Big-league funders like the Gates, Hilton, Ikea, and Caterpillar foundations throw millions upon millions of dollars at various WASH-related projects ranging from improved basic infrastructure to new kinds of technologies like Gates's “Reinventing the Toilet” challenge.
But these funders are hardly the only ones worried about water and sanitation. Many smaller funders also work in the WASH space. Before saying more, though, let's take a look at the state of this critical challenge.
In 2002, the WHO estimated that 1.1 billion people worldwide lacked access to improved water sources. At that time, the WHO projected that an additional 260,000 people per day, every day from 2002 to 2015 needed access to improved water sources to meet the U.N.'s Millennium Development Goals (MDGs). In 2015, 663 million people still lack access to improved water sources. That’s a 40 percent improvement in a little over a decade.
Also in 2002, 42 percent of the world’s population, or around 2.6 billion people, lacked access to improved sanitation. In 2015, 2.4 billion still lack access to improved sanitation, making for a less than 8 percent increase.
So what we have, here, is another good-news/bad-news story on global development: better access to water, but little progress on toilets.
Historically, improving water and sanitation have ranked among the most basic responsibilities of government. Given the scope of the unmet needs, here, along with the cost of meeting those needs, this is a tough place for philanthropy to make a huge dent, especially those funders without deep pockets. Still, anything helps, and plenty of smaller foundations work in this space in meaningful ways.
It isn’t uncommon for foundations with massive resources like Gates or Hilton to focus support on large NGOs working on WASH. But there's plenty of good that can be done by backing groups working at the local and grassroots level, and some smaller funders target grants in this direction. Here are just a few of the low-profile funders trying to move the WASH needle:
Flahive Family Foundation
Based in Littleton, Colorado, the Flahive Family Foundation awards $5,000 to $15,000 grants to groups working in the fields of maternal health and wellness, women’s healthcare, education, and access to clean water in developing countries.
On the sanitation side of things, Flahive awards grants to groups providing sanitary napkins to women and girls in Africa. Reducing the stigma associated with periods and combating the lack of access to pads for girls and women in developing countries is drawing growing attention in the global health and rights landscape.
Flahive’s support related to water includes providing support to groups that are digging wells in Africa to provide clean and running water to local communities. The foundation also directs a portion of its grantmaking toward the costs of installing sustainable energy solutions to support the power needs of the newly installed wells.
Laird Norton Family Foundation
Laird Norton’s giving is squarely focused on water and sanitation. The foundation’s grantmaking is based in its belief that access to clean water and sanitation is key to improving the lives of poor and disadvantaged populations in developing countries around the world.
The foundation awards grants from $20,000 to $50,000 to organizations that are developing WASH resources, advancing point-of-use technology, and promoting WASH education. Notably, Laird Norton’s point-of-use technology zeroes in on affordable and manageable solutions at the household level, including disinfection products and filters.
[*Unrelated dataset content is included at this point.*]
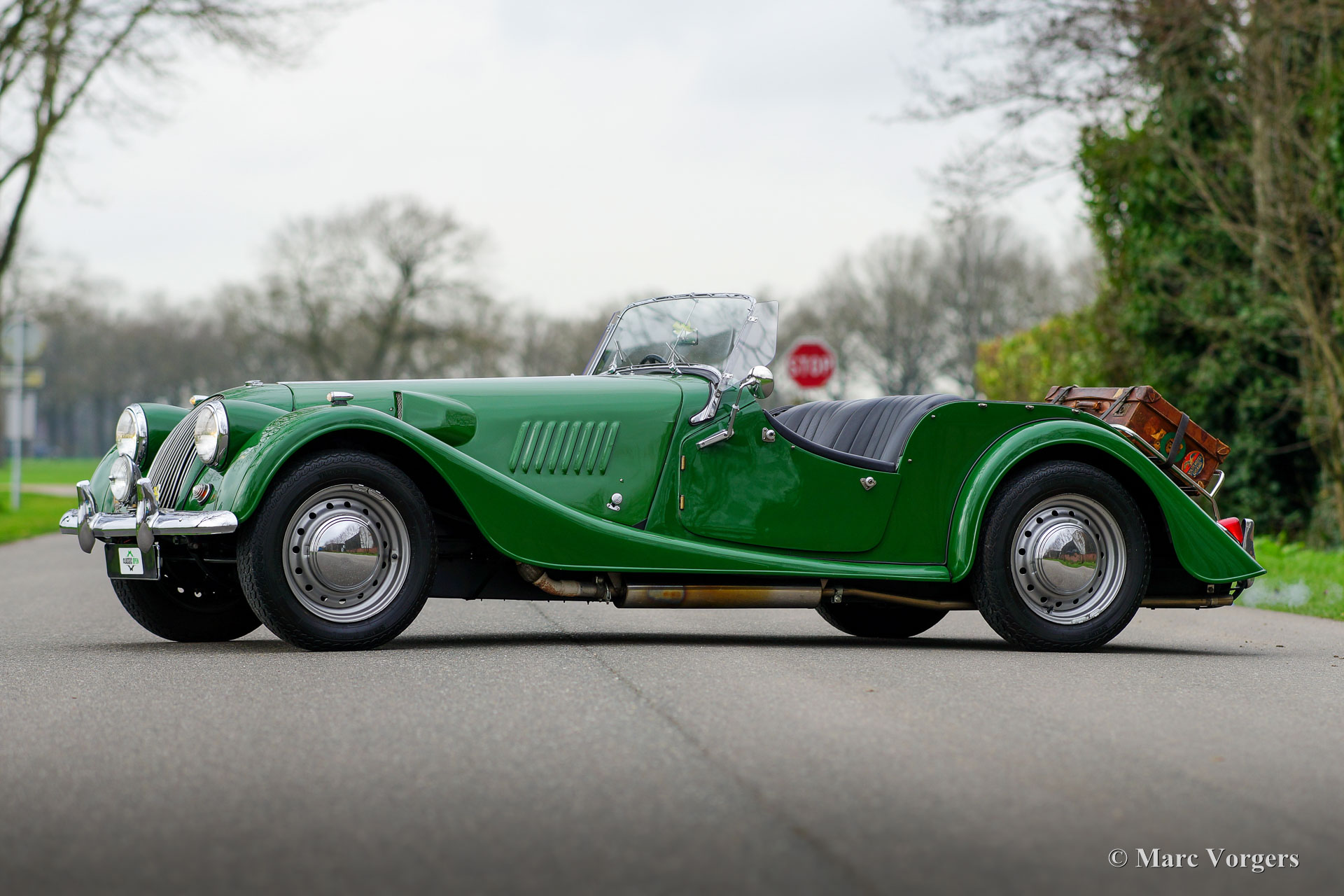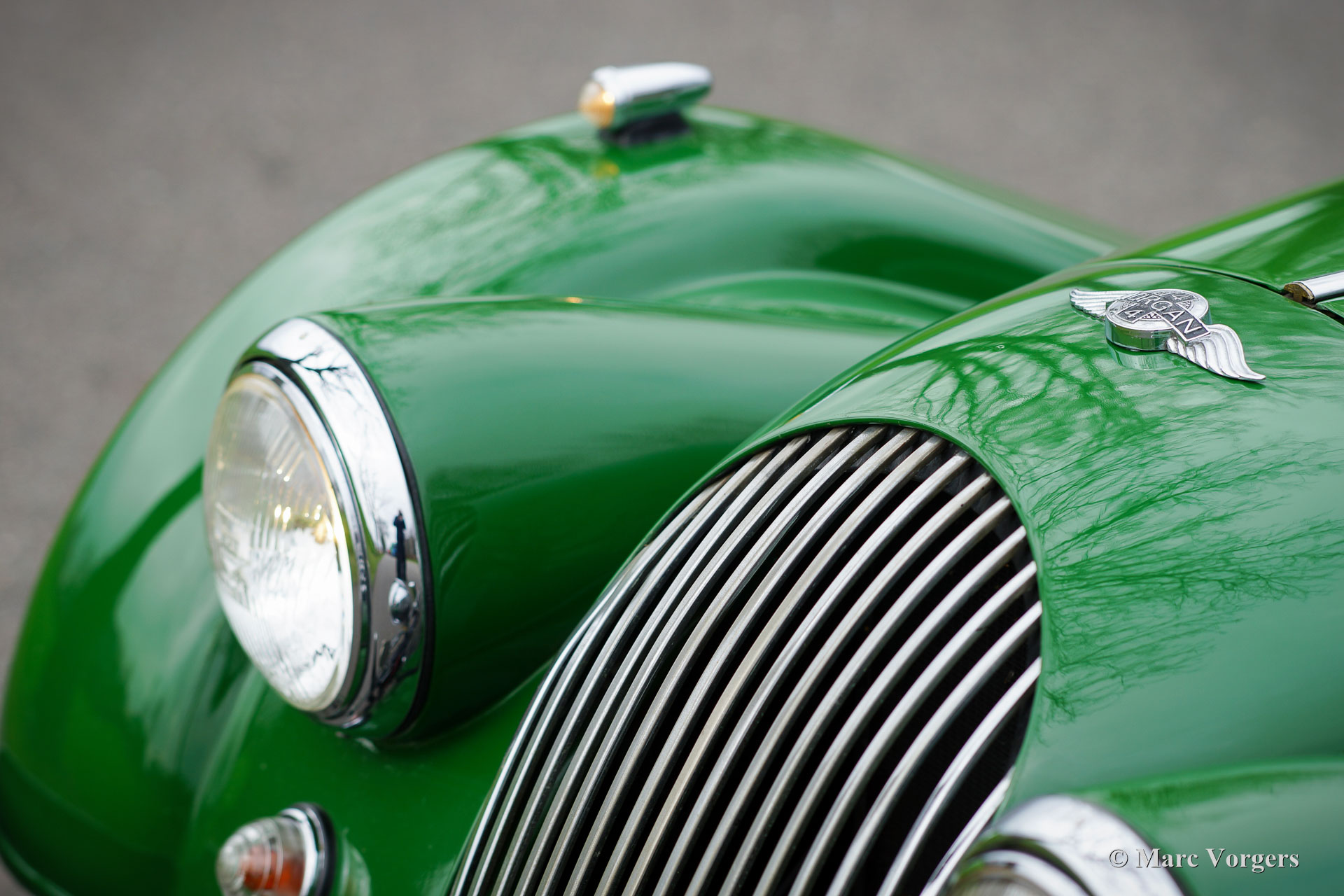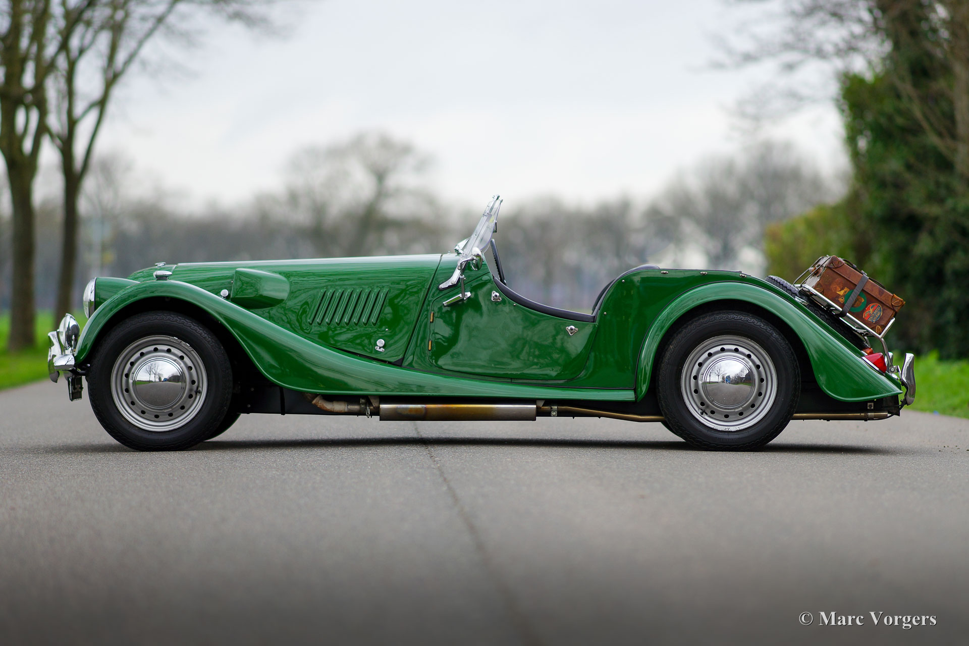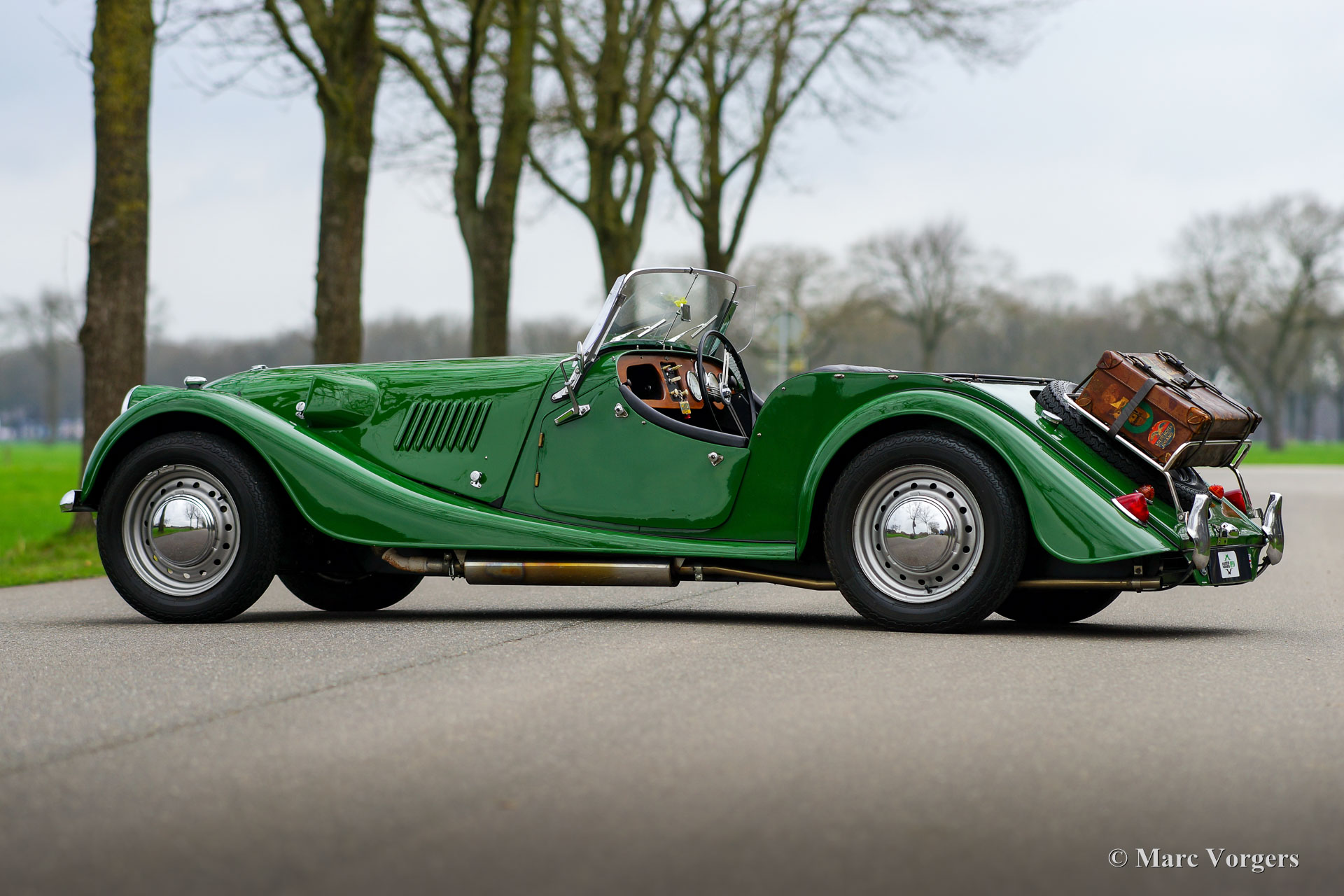 Morgan 4/4, jaar 1963. Kleur groen gecombineerd met een zwartlederen interieur, zwart tapijt, zwarte soft-top en een zwarte tonneau cover. Deze klassieke Morgan is voorzien van een prachtig gevormde bank die veel comfort biedt in deze pure Britse sportwagen. Deze prachtige Morgan 4/4 (serie IV) werd nieuw verkocht in Groot-Brittannië. Het is een zeldzaam model waarvan er slechts 209 met de hand zijn gebouwd. In 1975 is de auto naar Nederland geïmporteerd en opgeknapt. Oorspronkelijk was de auto voorzien van een 1340 cc Ford Consul viercilinder motor, de motor is vervangen door een 1500 cc motor van het type dat ook in de Morgan 4/4 serie V gebruikt wordt. Deze krachtige en betrouwbare motor is voorzien van een dubbele Weber carburateur en levert een gezonde 84 pk. Het vermogen wordt overgebracht op de achterwielen via een handgeschakelde vierversnellingsbak. In de jaren 2001-2004 is de auto uitvoerig en prachtig gerestaureerd naar topstaat. De auto (die origineel rood was) is daarbij gespoten in de huidige groene kleur. De restauratie is volledig gedocumenteerd met een fotoreportage en facturen. Het chassis is vernieuwd, evenals de kabelboom. Er werd een RVS uitlaat gemonteerd, een aluminium benzinetank en elektronische ontsteking. Ook werd er een toerenteller in het dashboard gemonteerd. De auto toont veel mooie originele details zoals de zeldzame 15 inch stalen velgen met chromen wieldoppen! Verder is aan de voorzijde een Lucas SFT mistlamp gemonteerd en aan de achterzijde een kofferrek. Deze rechtsgestuurde Morgan 4/4 is een schoonheid, en de auto rijdt en stuurt perfect! Een zeer begerenswaardig exemplaar!

This foundation has been around for decades, and over that time, its grantmaking has evolved to embrace improving the lives and livelihoods of poor people living in the Global South, with WASH being its main area of funding interest. One note about this funder: It doesn’t fund groups working in active conflict, chronic instability, or where natural disasters have recently occurred.
Most of International’s $15,000 to $25,000 grants are directed toward clean water initiatives rather than sanitation efforts, particularly those carried out by local and grassroots groups.
This Virginia-based funder has been ramping up its global giving over the past few years. So far, Elmo’s grants come in around $10,000 to $30,000 with a sharp focus on clean water access projects.
Regarding Elmo’s grantmaking ramp-up, we’ve spotted a noticeable increase in both the number of organizations receiving funding and in the size of individual grant amount. Which are the main reasons why it deserves a mention here.
Here’s a cold, hard, truth: There aren’t too many WASH funders out there. That's partly understandable, given the scope of the WASH challenge relative to the resources of philanthropy. On the other hand, increased access to clean water and basic sanitation is a key to tackling many of the global health and development problems that continue to plague the world. WASH is the kind of critical leverage point that smart funders are always scouting around for.
As former Secretary General of the UN, Kofi Annan once said:
We shall not finally defeat AIDS, tuberculosis, malaria, or any of the other infectious diseases that plague the developing world until we have also won the battle for safe drinking water, sanitation and basic health care.
Annan’s quote doesn’t even speak to the catalytic impact access to basic water and sanitation has on global poverty and the rights of women and girls. People who aren’t spending hours each day carrying water are able to use that time for other pursuits, like earning an income, running a business or going to school. Women and girls are most often tasked with schlepping buckets of water every day, and improving access to clean water and sanitation can be transformative for them.
While there are no quick fixes to the world’s WASH problems, there's plenty of room for more funders in this space. And there are lots of places where smaller foundations can make a difference working with NGOs that do great a deal with modest grants.